It's a photo that's going viral on social media: a newborn baby holding an IUD, or intrauterine device, used to prevent pregnancy, in his hand. Doctor's say the healthy 9-lb. baby boy was born against all odds.

Little Dexter Tyler was barely a week old and the picture of him holding the Mirena IUD had already gone viral.

The photo shared by Dexter's mom, Lucy Hellein, of Fort Mitchell, Alabama, was shared nearly 60,000 times in just two days. 

"I didn't think it would go viral," Hellein said.

First Coast News spoke exclusively with Hellein about the picture, asking if Dexter was actually born holding an IUD. Hellenin replied, "He was not."

Hellein explained her son was not actually holding the IUD when he was born, but she did, however, get pregnant while it was inserted.

"My doctor believes I may have gotten pregnant about three weeks after it was placed," Hellein said.

The doctor was unable to remove the implant during her pregnancy, but while delivering the baby, Hellein said he found it behind her placenta.

Hellein said a nurse put the implant in the babies hand, a friend shared the picture on Facebook, and it took off from there.

Now, that the photo of baby Dexter is making the rounds online, many are questioning the effectiveness of IUD implants.

"IUDs are 99.9% effective," Planned Parenthood nurse practitioner, Laura Ghasseminia said.

The Mirena is implanted into the uterus. Ghasseminia said it works by releasing the hormone progesterone, which prevents pregnancy.

"I mean it's next to impossible {to get pregnant}. You have a better chance of winning the lotto," Ghasseminia said.

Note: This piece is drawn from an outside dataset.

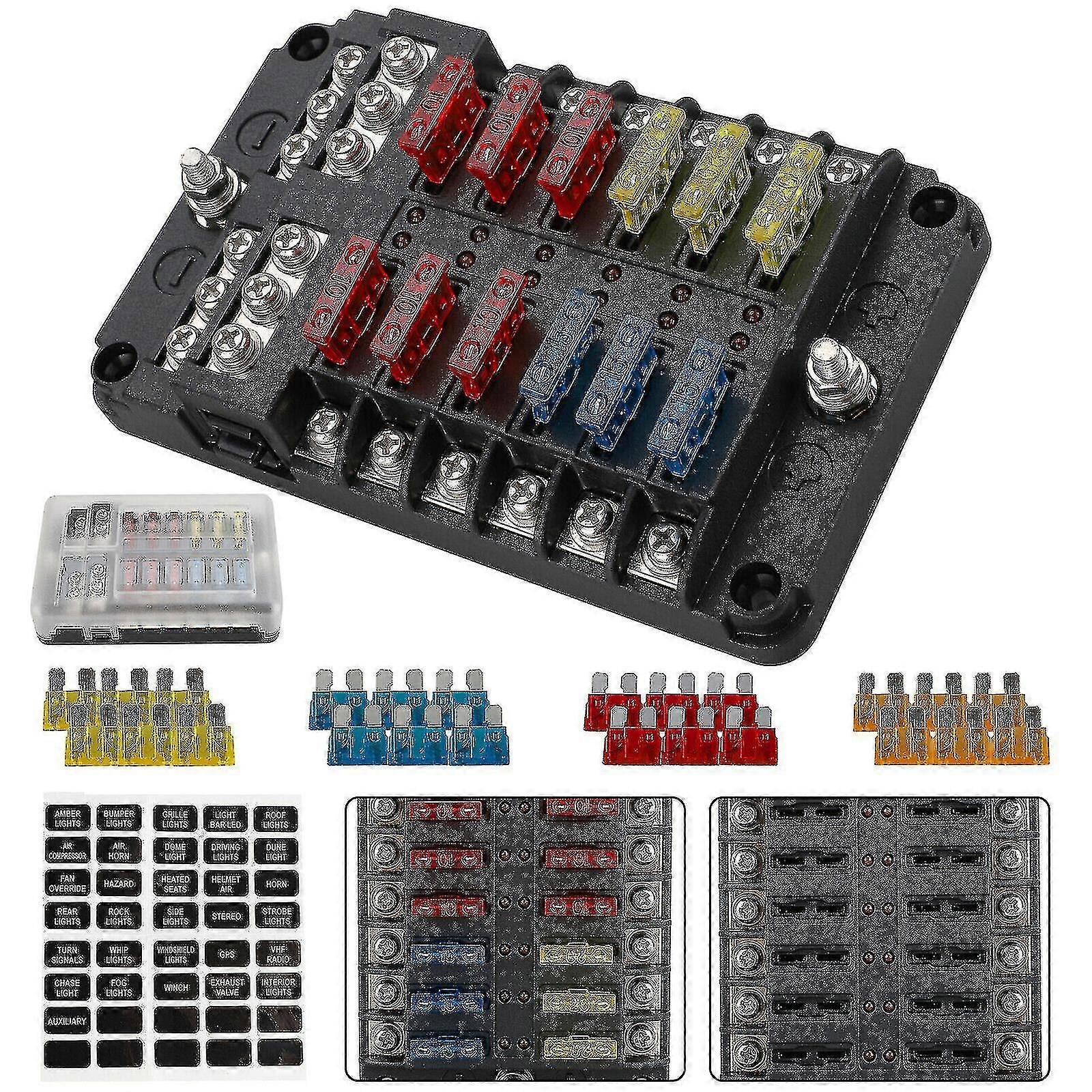 12 Way 12V-24V Car Power Distribution Blade Fuse Holder Box Block Panel Fuses12 Way Blade Fuse Box Features:LED Warning Indicator: This 12 Way Blade Fuse Box with negative bus can easily identify and replace blown fuses immediately without guessingThe LED indicator lights up when a blown fuse is detected. It is both safe and easy for you to check and replace the blown fuse.Wide Usage: This 12 Way Blade Fuse Box with ground is suitable for all vehicles with a 10-32 Volt DC power source. So it come with multi-function stickers for DIY your specific need, 12 Way Blade Fuse Box convenient for examination and repair, easy to troubleshoot in outdoor; widely used in vehicle, car, marine , bus, ship, tanker, subway etc.Quality: The 12 way 12 Way Blade Fuse Box with ground buss is crafted to perfection with the best quality materials and with special attention to detail so it can be incredibly efficient and durable.Easy to Set Up: No need to worry about getting your fuse box ready to use. This 6 circuit 12 Way Blade Fuse Box with ground is very easy to install.With Cover and Fuse: Transparent plastic cover with push latch system, easy to operate, splash and dust-proof design. Adds extra protection to your fuse box \u0026 fuses. With 24 pcs Blade fuse 6 x 5A, 6 x 10A 6 x 15A, 6 x 20A.12 Way Blade Fuse Box Specification:Type : 12-Way 12 Way Blade Fuse Box12 Way Blade Fuse Box Color : Black12 Way Blade Fuse Box Model : 12-Way 12 Way Blade Fuse Box12 Way Blade Fuse Box Size : 138.25*85*36.5mm12 Way Blade Fuse Box Input Rated Voltage : 32V12 Way Blade Fuse Box Input Rated Current : 100A12 Way Blade Fuse Box Maximum Output Current : 30A max per circuit12 Way Blade Fuse Box Input Wire Size :4-6 AWG12 Way Blade Fuse Box Output Wire Size :12-16 AWG12 Way Blade Fuse Box Main Line Terminal : M5 threaded stud12 Way Blade Fuse Box Single Wire Terminal : M4 threaded stud12 Way Blade Fuse Box LED Indicator : Red LED indicates when fuse is burnoutPackage Includes:1 x 12 Way 12 Way Blade Fuse Box6 x 20A Fuse6 x 15A Fuse6 x 10A Fuse6 x 5A Fuse4 x Self-Tapping Screws1 x Sticker
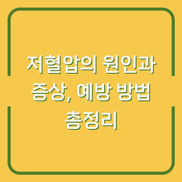 이번 글에서는 저혈압의 원인, 증상, 그리고 예방 방법에 대해 자세히 알아보겠습니다.

Planned Parenthood did not treat Hellein, but said a patient is usually tested for pregnancy before an implant is inserted.

Ghasseminia said Hellein could've already been pregnant, but because there is a delay in the time an egg is fertilized and travels to the uterine cavity, it can sometimes delay a positive pregnancy test.

"This woman is very lucky that when the placenta grew over the IUD it did not disrupt the blood flow to the placenta," Ghasseminia said.

She said this could lead to a miscarriage.
Hellein said she feels like she has won the lottery. Now, the world is calling little Dexter, a miracle baby.

"He's going to be a week old tomorrow and actually tomorrow was his original due date, which is May 4, which is known as Star Wars Day," she chuckled. "So, the doctor was like, 'the force is strong with this one.'"

This was Hellein's third time using Mirena and she said she's  never had any problems before.

The mother of three says she has taken more permanent measures to prevent pregnancy.